"Блоссом" - о распускающейся любви и Стоунволлских бунтах
Все уже, наверное, видели (и даже успели начать читать) мою новую книгу «Блоссом»?
Почему я решила писать историю на фоне событий, которые происходили в конце 60-х годов? И почему именно в Вашингтоне?
В тот момент действительно происходили вещи, которые поменяли ход не только американской истории, но и стали масштабными и значительными для мира в целом. Во-первых, это убийство Мартина Лютера Кинга, боровшегося за права чернокожего населения. Его убийство привело к массовым беспорядкам, которые стали впоследствии называть «весенними погромами», во-вторых – это знаменитые Стоунволлские бунты, которые, по сути, дали толчок началу борьбы за права представителей ЛГБТК-сообщества. Ну и в-третьих, волна антивоенных настроений и маршей к концу 60-х, началу 70-х годов достигла своего апогея. Это привело к тому, что война во Вьетнаме к 1975 году была закончена (многие уже знают, с каким трепетом я отношусь к войне во Вьетнаме и одной из лучших своих книг считаю историю, написанную на фоне событий там происходивших, это Танго «Сайгон»).
Честно говоря, когда я давала название истории, я думала только о том, что тем самым свяжу место, где главные герои Донни и Ральф познакомились – бар «Блоссом», когда они попали в полицейскую облаву – и начало расцвета их любви, когда их чувства, несмотря на всё, что творилось вокруг, стали распускаться, словно прекрасный цветок. И только теперь я поняла, что в названии есть отсылка как раз к тому, о чём я написала выше – это расцвет борьбы за свои права, за то основополагающее и незыблемое, что должно быть у каждого человека просто по факту его рождения – это возможность быть тем, кто ты есть, любить того, кого ты хочешь, независимо от пола, ориентации и расовой принадлежности, возможность жить мирной жизнью, не брать в руки оружие и не идти убивать. Быть свободным.
Про «весенние погромы» я ещё напишу, ну а сейчас скажу пару слов о Стоунволлских бунтах. Много писать не буду, история известна, можно найти массу материалов в сети. И, тем не менее, события, произошедшие в баре «Стоунволл Инн» в Нью-Йорке 28 июня 1969 года, стали знаковыми.
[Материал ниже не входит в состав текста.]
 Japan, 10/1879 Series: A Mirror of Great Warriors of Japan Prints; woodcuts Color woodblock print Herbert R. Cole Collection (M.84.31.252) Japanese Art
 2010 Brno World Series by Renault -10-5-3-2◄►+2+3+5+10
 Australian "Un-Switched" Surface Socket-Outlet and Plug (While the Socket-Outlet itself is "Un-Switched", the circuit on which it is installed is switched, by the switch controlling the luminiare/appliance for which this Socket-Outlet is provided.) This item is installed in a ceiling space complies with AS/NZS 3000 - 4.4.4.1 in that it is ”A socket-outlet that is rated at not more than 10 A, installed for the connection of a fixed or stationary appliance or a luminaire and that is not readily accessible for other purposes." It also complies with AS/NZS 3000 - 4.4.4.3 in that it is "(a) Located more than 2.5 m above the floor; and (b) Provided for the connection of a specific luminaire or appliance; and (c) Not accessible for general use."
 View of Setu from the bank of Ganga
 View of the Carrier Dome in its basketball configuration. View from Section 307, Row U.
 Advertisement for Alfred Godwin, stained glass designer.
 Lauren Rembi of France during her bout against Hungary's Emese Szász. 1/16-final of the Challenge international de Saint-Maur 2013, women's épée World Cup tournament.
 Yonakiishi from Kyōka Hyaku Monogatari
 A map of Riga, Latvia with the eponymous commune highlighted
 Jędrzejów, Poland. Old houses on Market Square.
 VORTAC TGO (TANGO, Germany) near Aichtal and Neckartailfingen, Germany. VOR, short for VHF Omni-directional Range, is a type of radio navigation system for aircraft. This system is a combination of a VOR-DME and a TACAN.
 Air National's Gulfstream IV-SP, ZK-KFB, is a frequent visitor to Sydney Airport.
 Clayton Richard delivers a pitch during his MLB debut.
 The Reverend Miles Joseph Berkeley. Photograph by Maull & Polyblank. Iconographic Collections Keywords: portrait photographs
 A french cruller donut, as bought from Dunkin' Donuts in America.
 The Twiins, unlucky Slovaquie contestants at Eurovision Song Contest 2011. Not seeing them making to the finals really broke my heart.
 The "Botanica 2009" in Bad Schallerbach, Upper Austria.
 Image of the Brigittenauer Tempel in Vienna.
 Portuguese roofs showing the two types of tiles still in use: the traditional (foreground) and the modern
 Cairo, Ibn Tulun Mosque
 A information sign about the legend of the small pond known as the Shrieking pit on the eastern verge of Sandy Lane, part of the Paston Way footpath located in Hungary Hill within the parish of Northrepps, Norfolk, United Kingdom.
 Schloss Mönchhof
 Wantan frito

Та ночь стала «точкой кипения», после которой терпению пришёл конец, и "ягнята" обратились "волками". Те, от кого никто не ожидал сопротивления, показали зубы, закричали "Хватит!" и с того момента стена начала рушиться. Теперь это один из ярчайших и важнейших моментов в ЛГБТК-истории и поворотный момент в борьбе за свои права.
«Мы все вдруг одновременно поняли, что с нас хватит. Никто ни с кем не договаривался. Просто после стольких лет унижений это одновременно пришло в голову всем, кто оказался в ту ночь в том самом месте... Все в толпе чувствовали, что обратного пути нет. Это было последней каплей... Там находились разные люди, но всех объединяло одно — нежелание мириться с полицейским беспределом. Мы попытались вернуть себе свободу. Мы стали требовать свободу. И мы больше не собирались прятаться в ночи. Как будто что-то витало в воздухе. Это был дух свободы. И мы поняли, что мы станем бороться за неё. И мы не собирались отступать». Это слова Майкла Фейдера, одного из участников Стоунволлских бунтов — знаменитых столкновений геев с полицией в США.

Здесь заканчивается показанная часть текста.